Monday, August 13, 2012

Sir David Hare by Paula Rego

Sir David Hare by Paula Rego. National Portrait Gallery, Britain. [Image: vertical full-body painting of a middle aged white man sitting in a wingback chair that is completely draped in stiff black or charcoal grey material, possibly satin, which continues to the ground under his feet like a carpet. Behind him on his right is a sheep or possibly gibbon, about three feet tall, wearing a black business suit and holding a shephard's crook, peering around the chair at the man or the viewer. On his right a crow or raven stands on the ground facing the viewer and a white thing-- a wad of sheep's fleece possibly?-- is on the ground behind it. The bottom half of the background is babyshit brown and the top half is pale peachy orange, with the contrasting grey-blue underpainting showing through between brushstrokes. The man wears black patent loafers, dark blue jeans, and a black sweater over a white button-down shirt.
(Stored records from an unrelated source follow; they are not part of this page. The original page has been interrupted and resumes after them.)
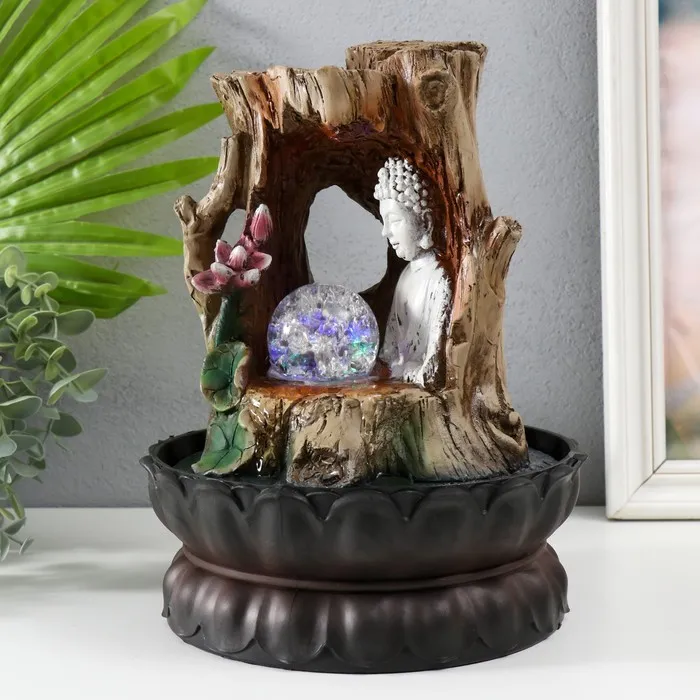 Фонтан настольный от сети, подсветка "Будда в дереве" 27х20х20 см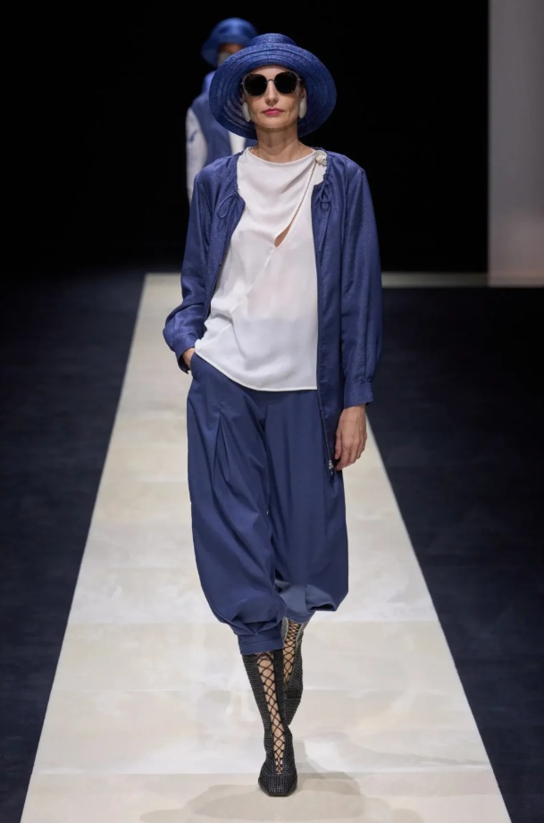 Na pisti Emporio Armanija capri hlače su dobile novu formu - reinterpretirane kao "bombacho" kroj u kombinaciji s čipkastim čizmama na vezanje. Ovaj spoj ženstvenog i utilitarnog idealan je za one koji vole eksperimentisati s teksturama.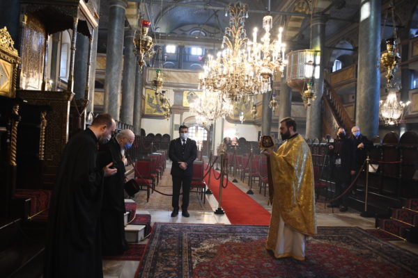 Εκκλησιάστηκαν ο Σεβ. Μητροπολίτης Ιταλίας κ. Πολύκαρπος, ο Θεοφιλ. Επίσκοπος Αλικαρνασσού κ. Αδριανός, ο Θεοφιλ. εψηφισμένος Μητροπολίτης Ισπανίας και Πορτογαλίας κ. Βησσαρίων, Άρχοντες Οφφικιάλιοι του Οικουμενικού Πατριαρχείου και πιστοί από την Πόλη.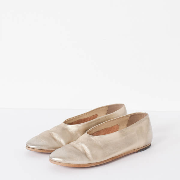 Married aesthetics of innovation and tradition, Marséll crafts shoes of mastering technique. Where modern classism takes wearable shape, anticipate artistic expression epitomized in leather footwear. The Ballerina Flat is brings out that inner shine! Rustic from composition with the sleekest finish. Color Gold. 100% Leather. Made in Italy.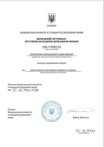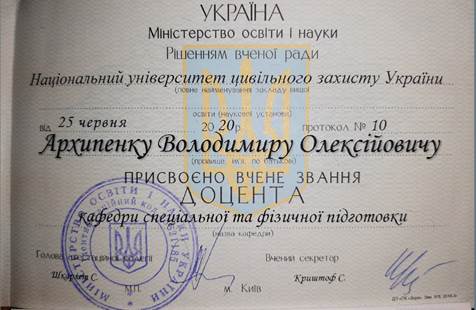 Вчене звання: Доцент кафедри Спеціальної та фізичної підготовки Національного університету цивільного захисту України.

He appears to recline in exhaustion or grief, his right hand over his heart or chest with his thumb hooked into the "v" of his collar, and his left hand in a tentative loose half-fist hanging over the arm of the chair. His head lolls back and to his right, his eyes cast down and to the right as if he is lost in his own thoughts. The chair drapery creates a tall triangle from the bottom of the page to the top. Though the background brushstrokes are loose and abstracted the chair and figure-- particularly face and hands-- is composed of thick and sculptural, but tight and realistic brushstrokes. Overall the paint is thick up to the edge of the canvas and descriptive of sculptural form.]